» **Your assignment**:
What you output must be the exact lines from the first line of the data through the one holding "9月5日上午,校长冯夏庭到浑", with no pictures.

» **Source material**:
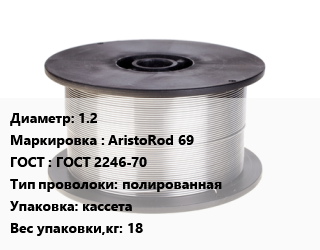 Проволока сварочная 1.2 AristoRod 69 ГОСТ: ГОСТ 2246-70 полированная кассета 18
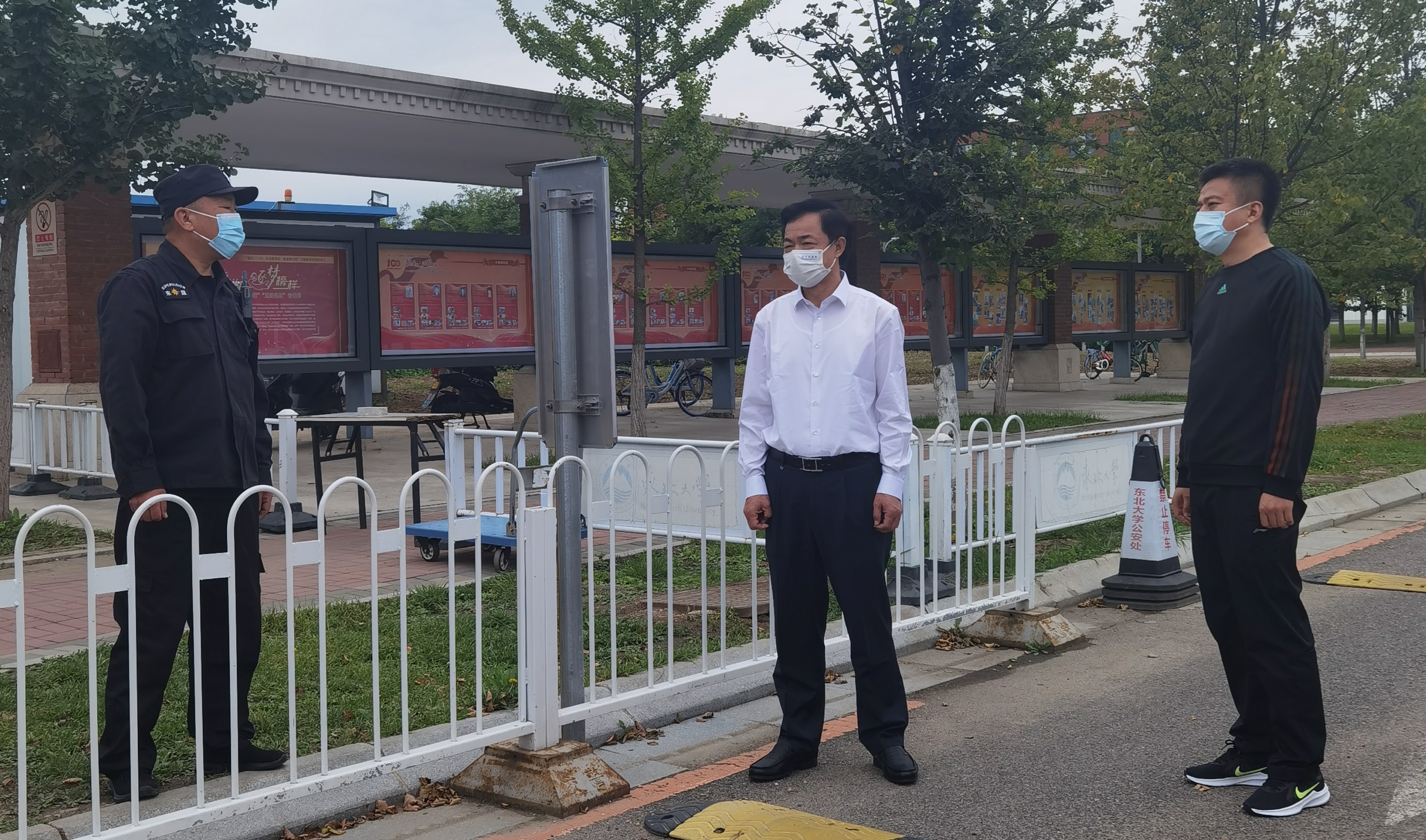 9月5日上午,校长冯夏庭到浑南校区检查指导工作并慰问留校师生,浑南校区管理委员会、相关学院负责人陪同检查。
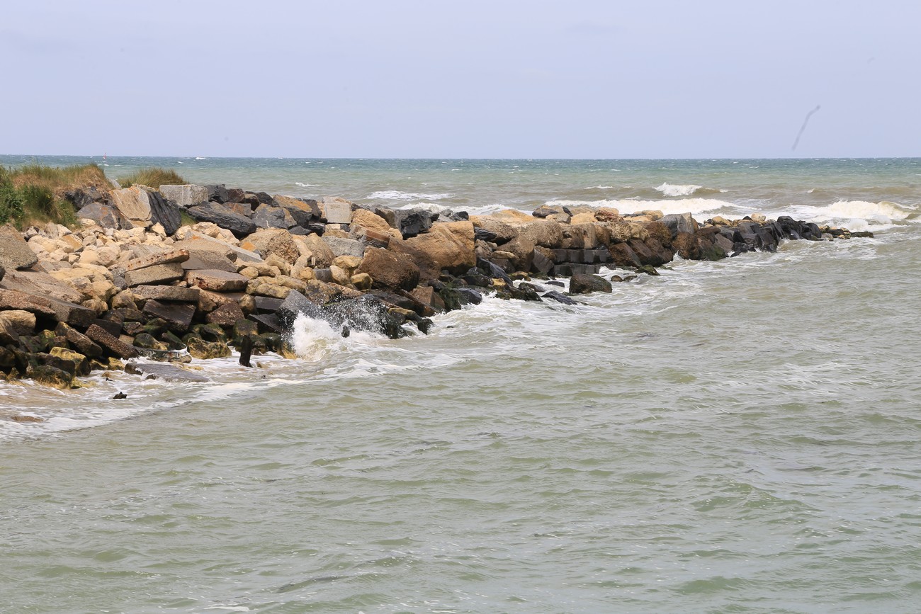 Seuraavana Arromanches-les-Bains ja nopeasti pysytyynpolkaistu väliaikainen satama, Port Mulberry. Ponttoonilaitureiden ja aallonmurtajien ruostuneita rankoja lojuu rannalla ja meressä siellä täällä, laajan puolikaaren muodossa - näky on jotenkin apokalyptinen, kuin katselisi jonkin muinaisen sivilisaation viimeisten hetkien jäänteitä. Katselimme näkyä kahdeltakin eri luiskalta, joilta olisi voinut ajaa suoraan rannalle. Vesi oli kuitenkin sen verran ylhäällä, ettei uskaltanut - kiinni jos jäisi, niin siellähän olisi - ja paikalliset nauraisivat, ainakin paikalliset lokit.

» **Answer to this problem**:
 Проволока сварочная 1.2 AristoRod 69 ГОСТ: ГОСТ 2246-70 полированная кассета 18
 9月5日上午,校长冯夏庭到浑南校区检查指导工作并慰问留校师生,浑南校区管理委员会、相关学院负责人陪同检查。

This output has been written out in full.